To investigate whether the observed phenotype depends on the WUS activity, we next created wus-1 crc-1 knu-1 triple mutants to remove WUS activity from the crc knu double mutant. The triple mutant flowers were indistinguishable from those of the wus-1 single mutant (Fig. 1e–h). These results indicate that wus is epistatic to crc or knu in floral meristems. Furthermore, indeterminacy of the wus-1 −/+ crc-1 knu-1 mutant was significantly rescued compared to the crc-1 knu-1 double mutant (p = 4.3 × 10−8) (Fig. 1i–o), suggesting that the indeterminate phenotype of the crc knu mutant is caused by ectopic WUS expression.

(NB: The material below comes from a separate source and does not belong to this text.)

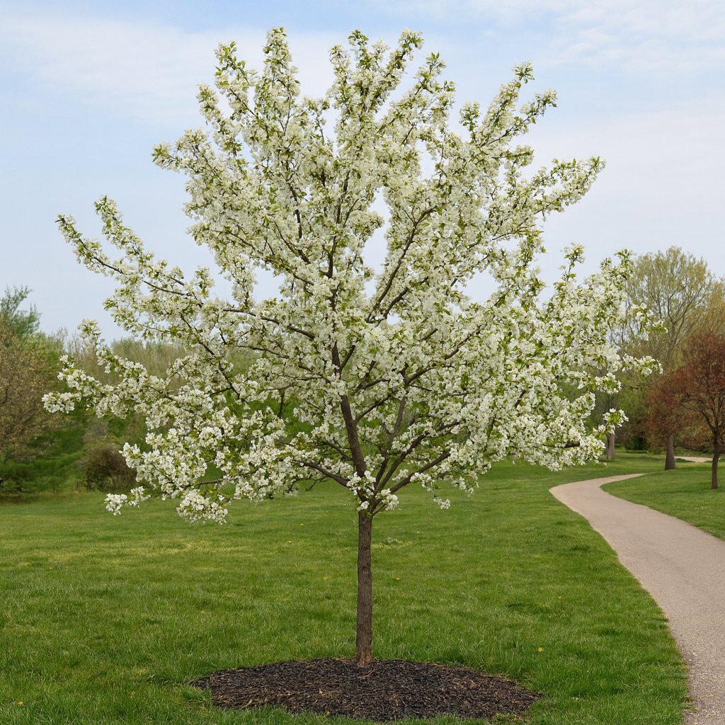 The Callaway Crabapple Tree is a beautiful, multi-season ornamental tree known for its abundant spring blossoms, glossy green foliage, and persistent red fruit that lasts into winter. With its rounded canopy and manageable size, it’s a favorite for landscapes needing elegance, bird appeal, and low-maintenance structure.

CRC controls auxin homeostasis and establishes auxin maxima
Since synergistic effects are observed in crc knu double mutants, disruption of multiple pathways and drastic transcriptional changes are thought to occur in double mutants, but not in single mutants. To explore the molecular basis for the CRC downstream pathway that affects WUS expression, we performed expression profiling of knu-1 and crc-1 knu-1. This analysis identified 363 genes whose expression levels were altered more than 2-fold at a 99% confidence level in the crc-1 knu-1 double mutant relative to the knu-1 single mutant (Supplementary Data 1). Among those genes, 210 and 153 genes were up- and downregulated in crc knu, respectively (Supplementary Fig. 4a and Supplementary Data 1).
To investigate the functions of these genes, we performed Gene Ontology (GO) term enrichment analysis using agriGO33. GO terms related to numerous metabolic processes were significantly enriched in crc knu (p < 0.0002, FDR <0.032), and 123 up- or downregulated genes were involved in ‘metabolic processes’ (Fig. 2a, Supplementary Fig. 4b and Supplementary Data 1 and 2). To further determine which of the 123 metabolic genes regulate floral meristem determinacy, we determined which genes contained ‘meristem’ in their GO terms (Fig. 2b, Supplementary Data 2 and Table 1). Among these six genes, two encoded chromatin regulators, CURLY LEAF (CLF) and FASCIATA2 (FAS2)34,35 (Fig. 2b). A ribosomal protein (EMBRYO DEFECTIVE 3105 [EMB3105]), an actin-binding protein (NETWORKED 1A [NET1A]), a HEAT SHOCK PROTEIN 90-like protein (SHEPHERD [SHD]), and a membrane protein (TRN2) were also identified as possible CRC downstream targets22,36,37,38 (Fig. 2b). Among these six genes, EMB3105 and TRN2 contained ‘auxin polar transport’ in their GO terms (Fig. 2b and Supplementary Table 1). This finding is not unexpected, since metabolic pathways are essential for producing secondary metabolites, including plant hormones39. Thus, we hypothesized that a previously hypothesized non-cell-autonomous signal40 downstream of CRC may be auxin.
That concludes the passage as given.